Development of a methodology for paint dust waste energetic valorization trough RDF production

Abstract

Industrial activity of aluminum surface coating, namely by electrostatic painting with a polyester powder based resin, generates a significant array of wastes. Among these wastes, paint dust is classified as 08 01 12 on the European List of Wastes. As consequence of the inexistence of adequate treatment routes for its correct management, this waste is currently landfilled, without any energy and / or material recovery. Therefore, the development of proper waste management technologies in line with the environmental policies is imperative in order to improve the industrial competitiveness and to preserve the natural resources. In the present work, RDFs (Refused Derived Fuel) were produced, as pellets, for energetic valorization. These experimental RDF pellets were manufactured by mixing the industrial paint dust with sawdust (1.5 and 3%) and with paperboard (1.5%). They were subsequently tested on a purpose built experimental boiler and the combustion efficiency was assessed in terms of gaseous emissions and chemical composition of the bottom and fly ashes. The paint dust waste was delivered by a local surface treatment company and characterized concerning chemical, physical and eco toxicological properties, proving to be rich in Carbon (50.2%) and Hydrogen (4.73%). The obtained RDFs were characterized for mechanical durability, elemental and chemical analysis, bulk density and lower heating value. Results show that the utmost lower heating value (19670 kJ/kg) was obtained for the maximum incorporation content of paint dust waste tested (3%). Combustion trials were carried out at a fuel flow rate between 2 and 3 kg/h. The results showed that the incorporation of paint dust waste resulted in a decrease of the thermal efficiency which suggests that the air fuel ratio was not properly adjusted to the varying heat value of the fuel blend.
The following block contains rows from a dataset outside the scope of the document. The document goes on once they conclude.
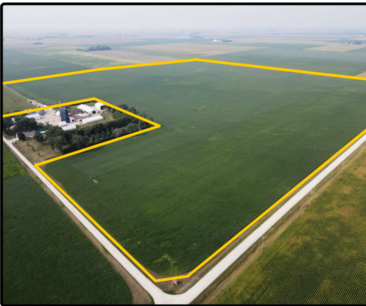
Parcel 1 - 2023 NE Corner looking SW
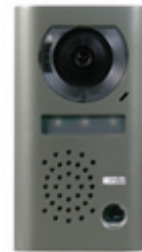
VMC1VDS Video Door Station
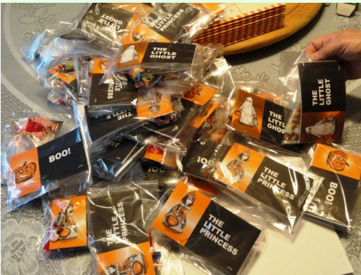
Chick Tracts in baggies of candy

She set up a little sound system for some lovely, lively music, went to Home Depot for a few knick knacks, bought some little plastic bags to put candy in and...yes "Happy Halloween" gospel comics for the kids.
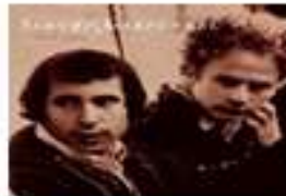
The Boys by Lin
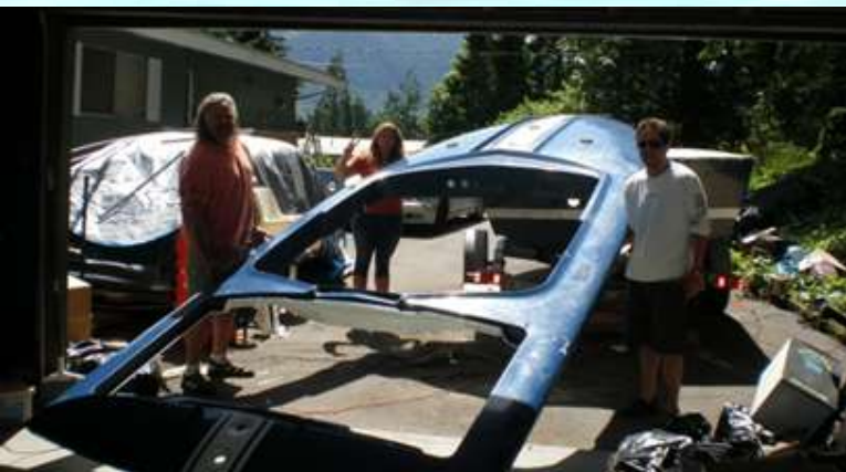
Popping the deck to do proper repairs and reinforcement
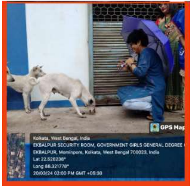
Feeding of street animals
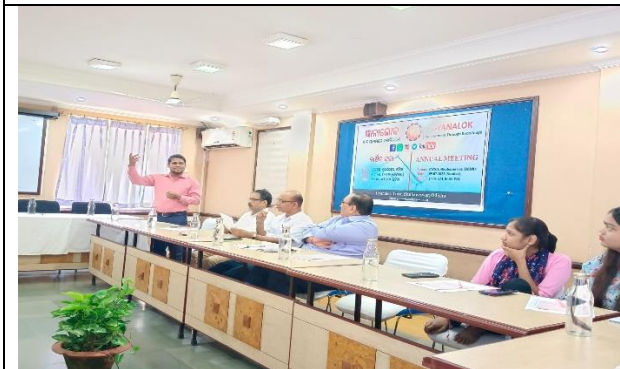
Annual Meeting of Gyanalok Trust on dt.09.07.23.
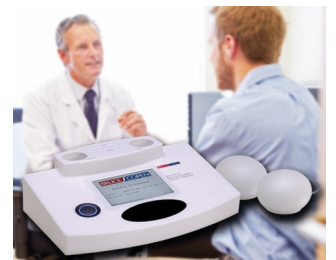
Multiple analytical resonance system
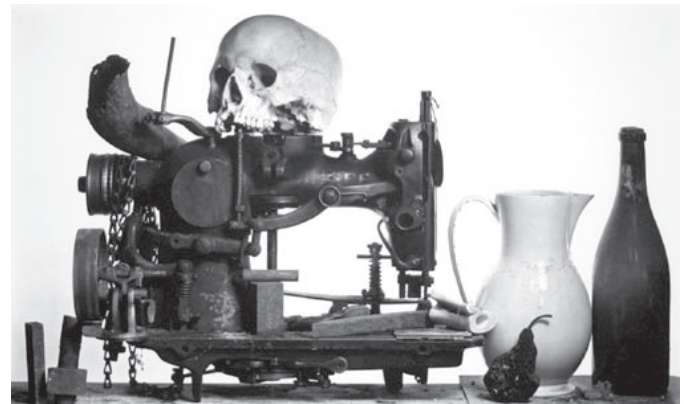
Irving Penn Composition with Skull and Pear 1979/81 From the collection of the MoCP

Irving Penn is best known for his fashion photographs that, beginning in the 1950s, defined a new look for magazines and fashion photography. By placing models against plain backdrops, Penn allowed fashion and the body to stand alone as the subject of his images. He also created elegant and sparse still lifes for clients including Clinique, as well as for his own personal interest, and would often render beautiful seemingly mundane or unattractive items such as in the series of still lifes he made by photographing cigarette butts retrieved from the gutter. Many of Penn's images, including the image Composition with Skull and Pear 1979/81, evoke the exotic as well as the transitory nature of life.
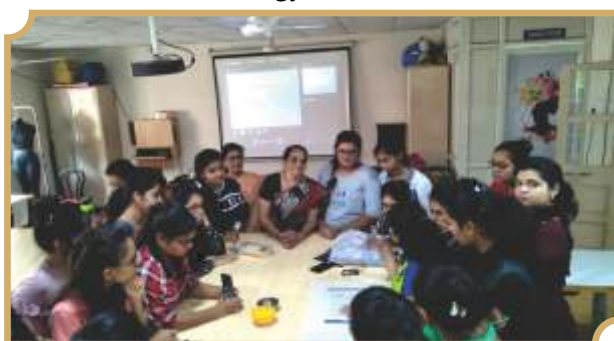
Workshop on "Entrepreneurial Skill Development
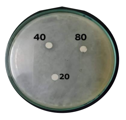
Fig. (1) inhibitory zone of three concentration (80, 40 and 20) % of nano-zinc oxide against p. aeruginosa .
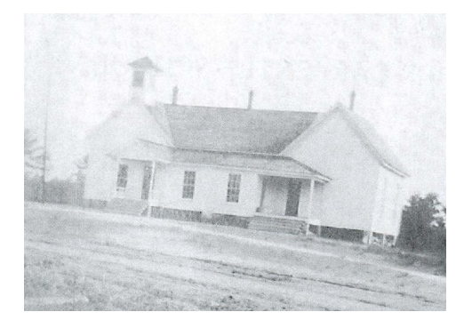
Schoolhouse in Carpenter
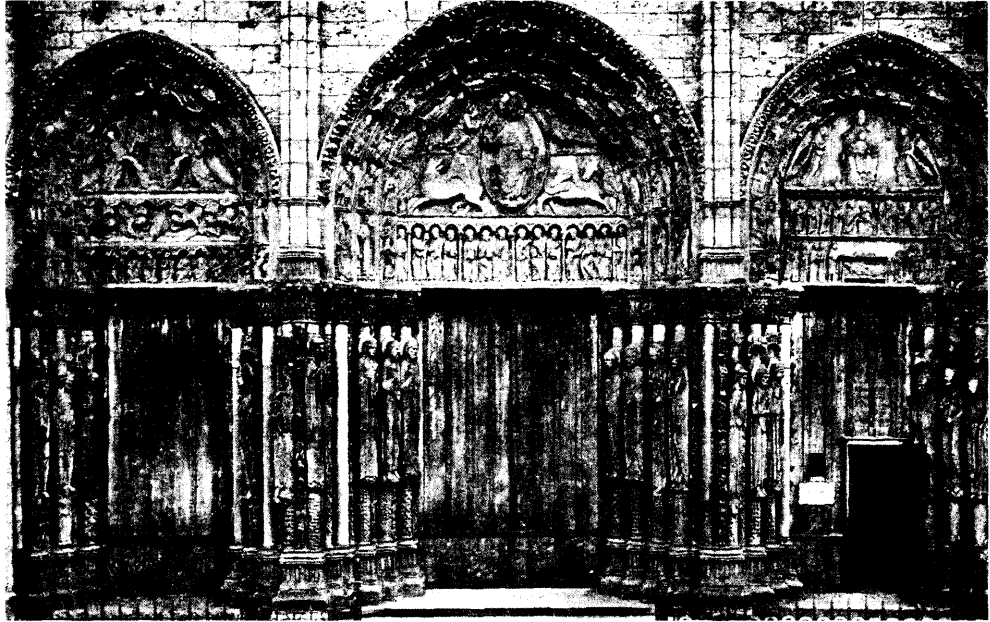
West Portal. Cathedral, Chartres Early Gothic. c. 1145

For all the tests, the mass flow rate and the quality of the gaseous emissions were evaluated for the most relevant pollutants such as particles, SO2, TOC, CO and NOx. All parameters, except for particles in one single case, comply with strict environmental limits applicable. Samples of ashes have also been collected and their chemical composition correlated with the fusibility behavior. The results show that such levels of incorporation could be an effective process for paint dust waste management from both the environmental and energetic points of view.